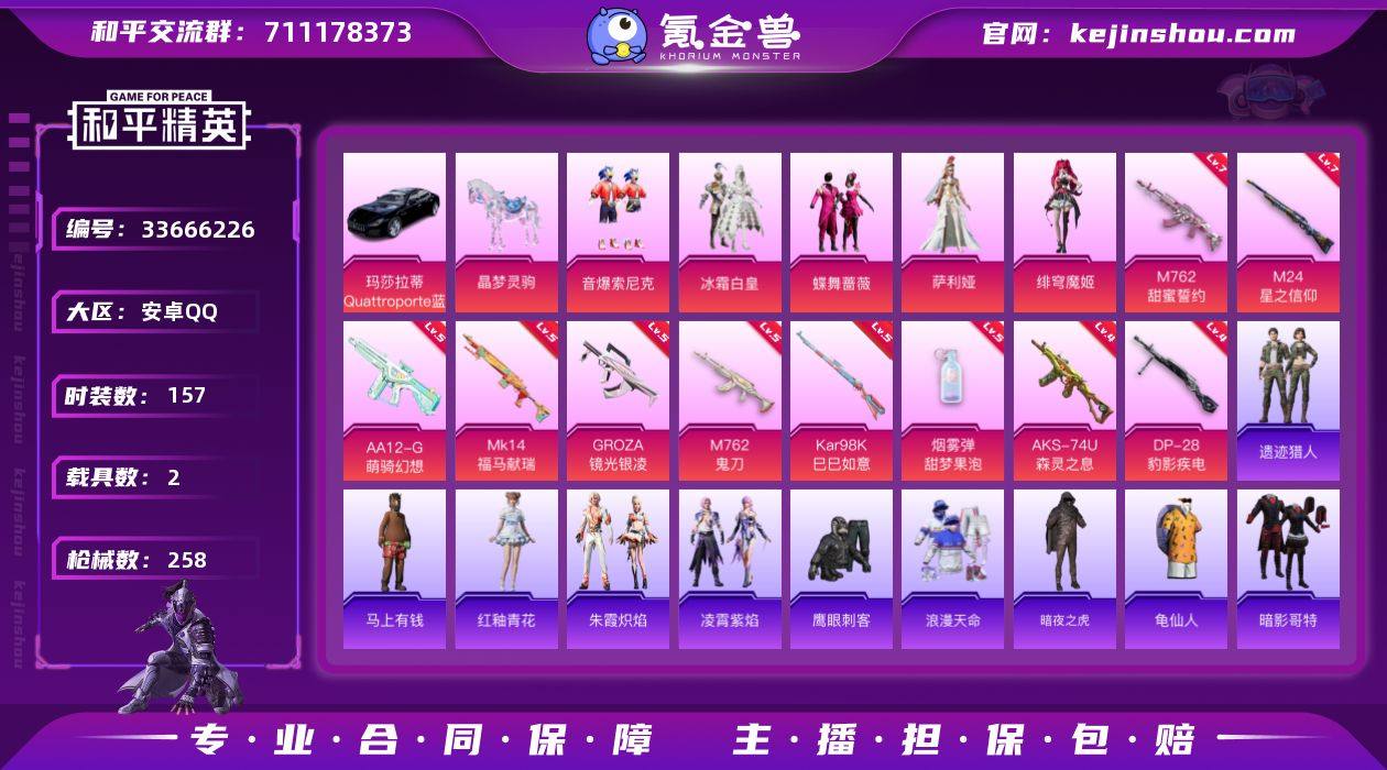 【LHPX2577】【14印记精品搭配暗夜之虎哥特满级m762满级m24玛莎拉蒂 马皮肤】安卓 手Q-5粉装-10特效枪-2载具-2粉色飞行器-74432热力值-14王牌印记-157套装-258枪皮 【热门品类】:粉装-音爆索尼克,套装-浪漫天命,套装-暗夜之虎,套装-龟仙人,套装-暗影哥特 【粉色套装】:粉装-冰霜白皇,粉装-蝶舞蔷薇,粉装-音爆索尼克,角色-萨利娅,角色-绯穹魔姬 【粉色枪皮等级】:GROZA-镜光银凌(五级),M762-甜蜜誓约(七级),M762-鬼刀(五级),AKS-74U-森灵之息(四级),Kar98K-巳巳如意(五级),M24-星之信仰(七级),Mk14-福马献瑞(五级),AA12-G-萌骑幻想(五级),DP-28-豹影疾电(四级),烟雾弹-甜梦果泡(五级) 【粉色载具】:玛莎拉蒂Quattroporte(夜幕蓝),晶梦灵驹 【粉色枪皮】:GROZA-镜光银凌,M762-甜蜜誓约,M762-鬼刀,AKS-74U-森灵之息,Kar98K-巳巳如意,M24-星之信仰,Mk14-福马献瑞,AA12-G-萌骑幻想,DP-28-豹影疾电,烟雾弹-甜梦果泡 【粉色飞行器】:梦幻火箭飞行器,太空嘟嘟飞行器 【粉色降落伞】:星之信仰降落伞,甜蜜誓约降落伞,星之彼岸降落伞,暗夜玫瑰降落伞,洛神天依降落伞,筑梦精灵降落伞,环太平洋降落伞,垂柳戏鸭降落伞,旋转彩虹降落伞,炫光之...
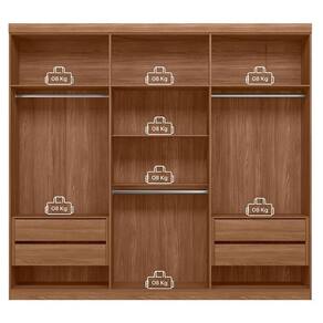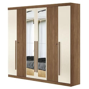 Guarda Roupa Casal Ripado 6 portas Buriti Jatobá Areia com espelho Acetinado - Santos Andirá
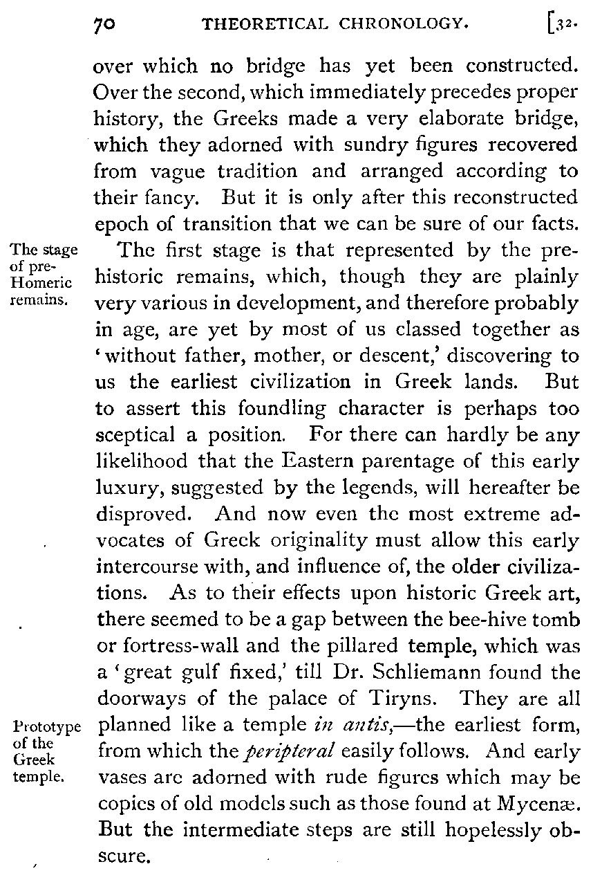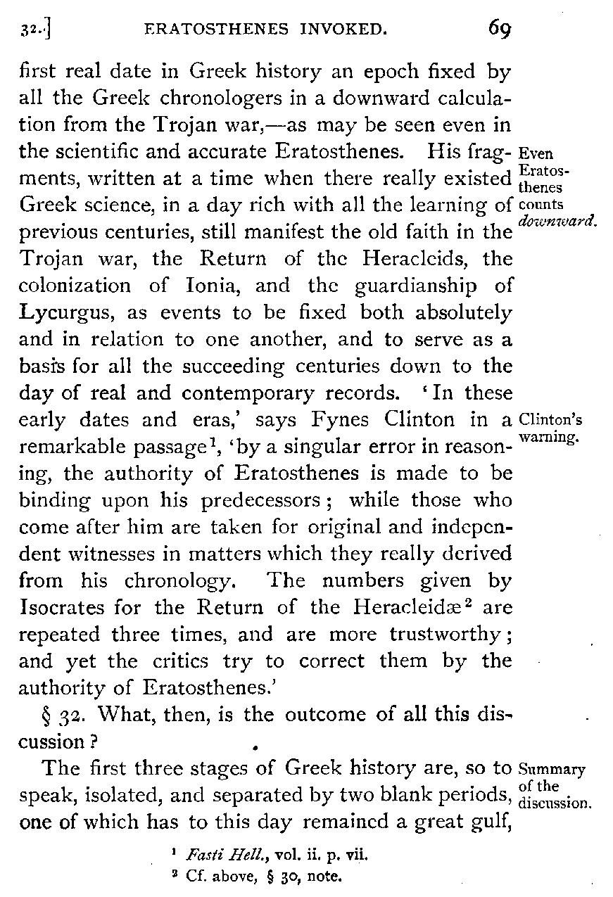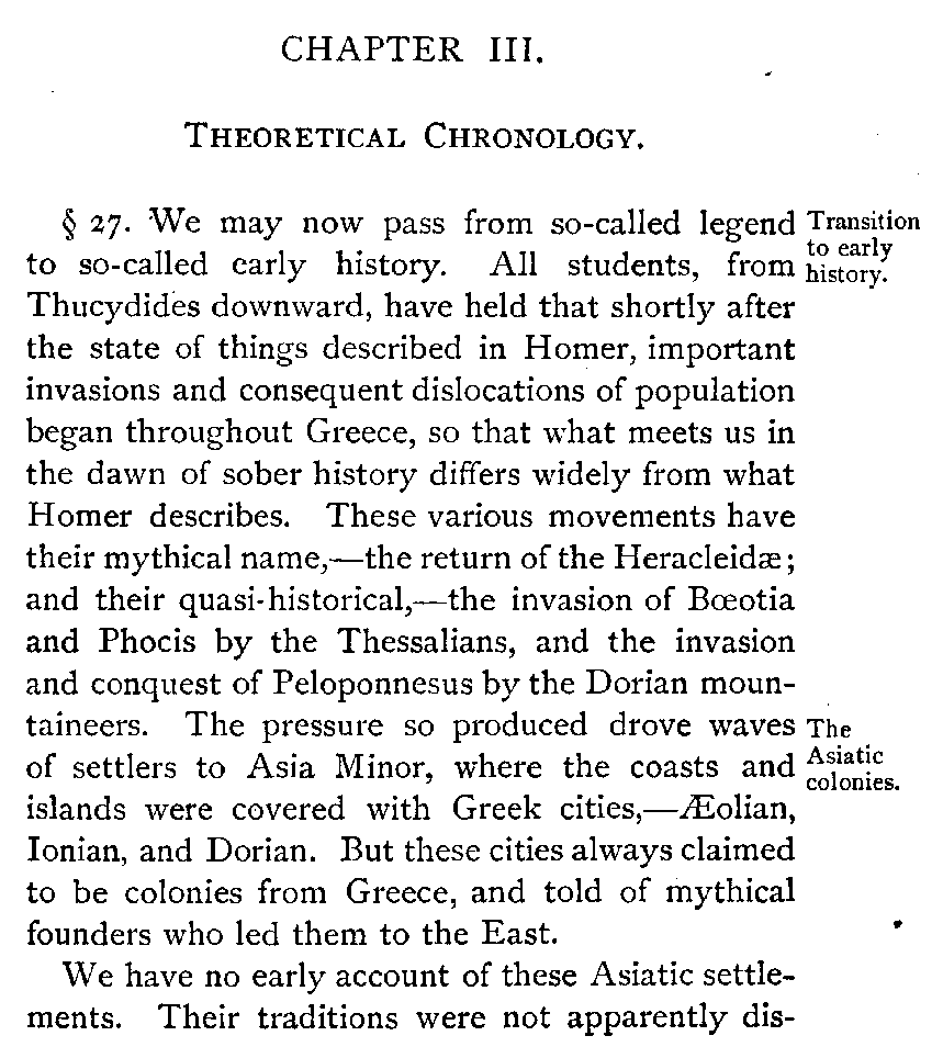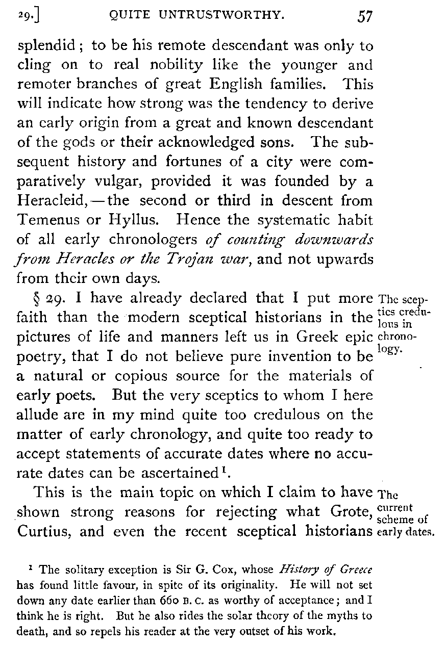 There seems a sort of general agreement among modern historians of Greece to accept the 1st Olympiad (776 B.C.) as the trustworthy starting-point of solid Greek chronology. Even Grote, so sceptical about legends, and so slow to gather inferences from them, accepts this date. There is only one exception, I think, to be found in Sir George Cox, who evidently rejects the Olympian register, who will not set down in his chronology any figure higher than 670 B.C., and even that under the protest of a query.
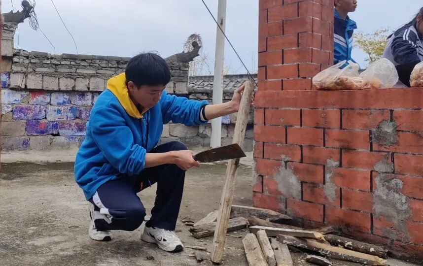 从市场采购结束后,全体共青团员在老师的陪同下,乘坐大巴来到营地。同学们按照事先分组,有序行动。从洗菜、切菜、洗锅、劈柴、生火、提水、做饭到煮菜……大家各显身手,忙得不亦乐乎。
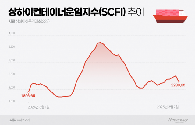 2024년 3월 1일부터 2025년 3월 7일까지 상하이컨테이너운임지수(SCFI) 추이다. 자료=상하이해운거래소(SSE)
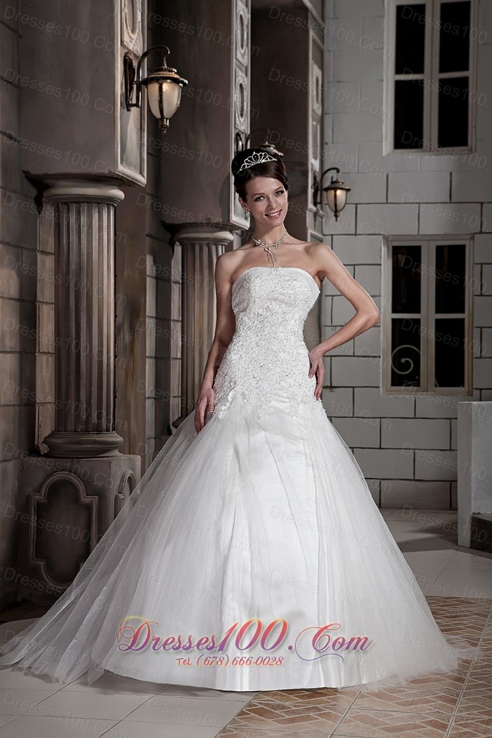Beading Strapless Ball Gown Court Train Wedding Dress
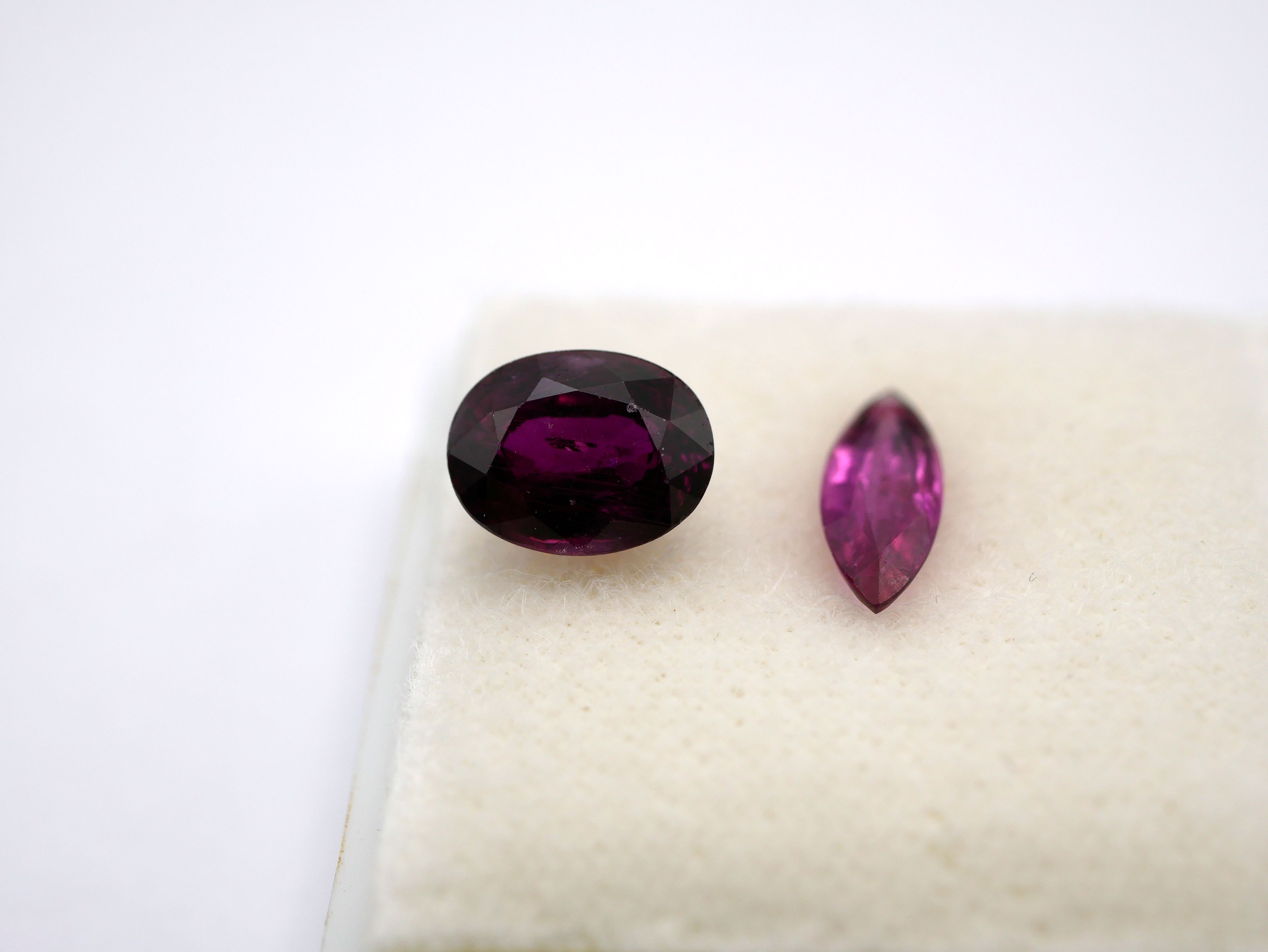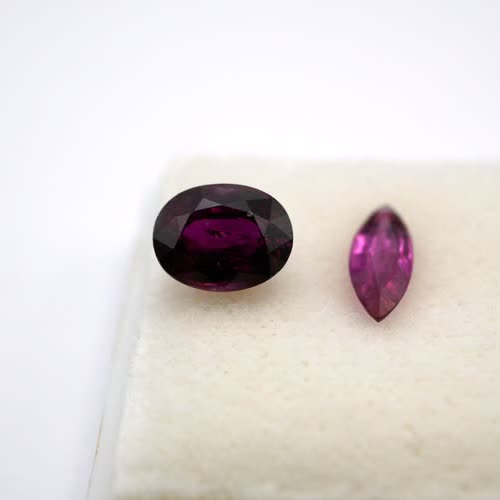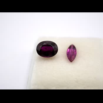 | คำอธิบาย : ทับทิมสยาม สีแดงอมสีม่วง (ออกสีม่วง) จากนาวง จังหวัดจันทบุรี มีลักษณะพิเศษ คือ สีมีแดงอมสีม่วง (เด่นสีม่วง) ต่างจากทับทิมสยามจากบ่ออื่นๆ ในจังหวัดจันทบุรี ซึ่งจะมีสีอื่น เช่น สีแดงดำ สีแดงเลือดนก สีชมพู สีส้ม สีแดงอมสีน้ำเงินและสีม่วง เป็นต้น ทับทิมสยามที่มีสีเข้มจะมีราคาสูงกว่าสีอ่อน (จากภาพด้านขวามือ คือ ทับทิมสยามสีแดงอมม่วงเข้ม รูปทรงไข่ ด้านซ้ายมือ คือ ทับทิมสยามสีแดงอมม่วงอ่อน รูปทรงมาร์คีส หรือ ทรงเม็ดข้าวสาร) |
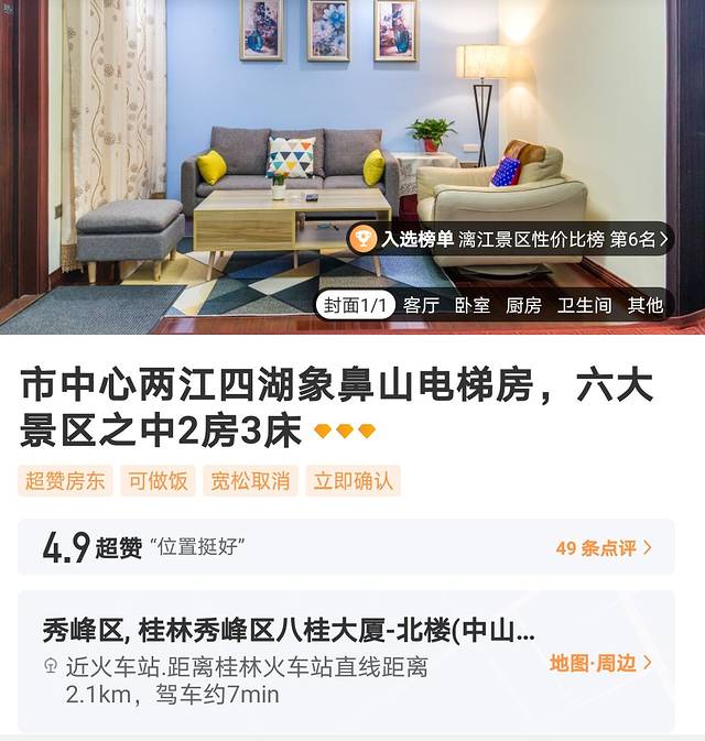 这个民宿吧,除了位置好,也没什么优势了,我是真的想吐槽🤬🤬🤬。当时订房间的时候是368元,一进屋就后悔了,感觉脏兮兮的,不像房东的晒图那么干净明亮,卫生间是蹲便,因为桂林下雨,会很严重的反味儿;主卧的床上用品也是霉味儿,还好带了旅行床单,次卧的没味道,宝宝和老妈住吧;厨房也是个摆式,生锈,发霉。真不是我黑她,我给了3.5分,房东也礼貌性的给了我2分,说我带着宝宝,把房间弄得很脏乱,没有素质。我就很无语。我看了下这家民宿的评分,每个低分都被房东“友好”的问候了。就这样凑合住了一宿。以后真的不要相信网图。对住宿有要求的一定不要来这里🙅。
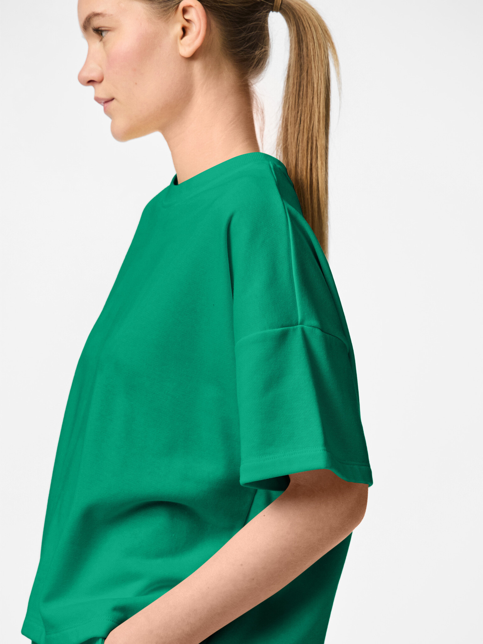 De sweatstof T-shirts van Pieces zijn een ideale keuze voor wie houdt van comfortabele en relaxte loungewear. Dit effen dames T-shirt heeft een ronde hals, een loose fit en is gemaakt van zachte jersey met een mix van katoen en gerecycled polyester. Perfect voor een casual dag thuis of een ontspannen look onderweg.

────────

● Directions for this task:
Leave out the images and write out the lines above exactly, from the one with "2024년 3월 1일부터" up to and including the one with "Beading Strapless Ball".

● Answer for the task:
 2024년 3월 1일부터 2025년 3월 7일까지 상하이컨테이너운임지수(SCFI) 추이다. 자료=상하이해운거래소(SSE)
Beading Strapless Ball Gown Court Train Wedding Dress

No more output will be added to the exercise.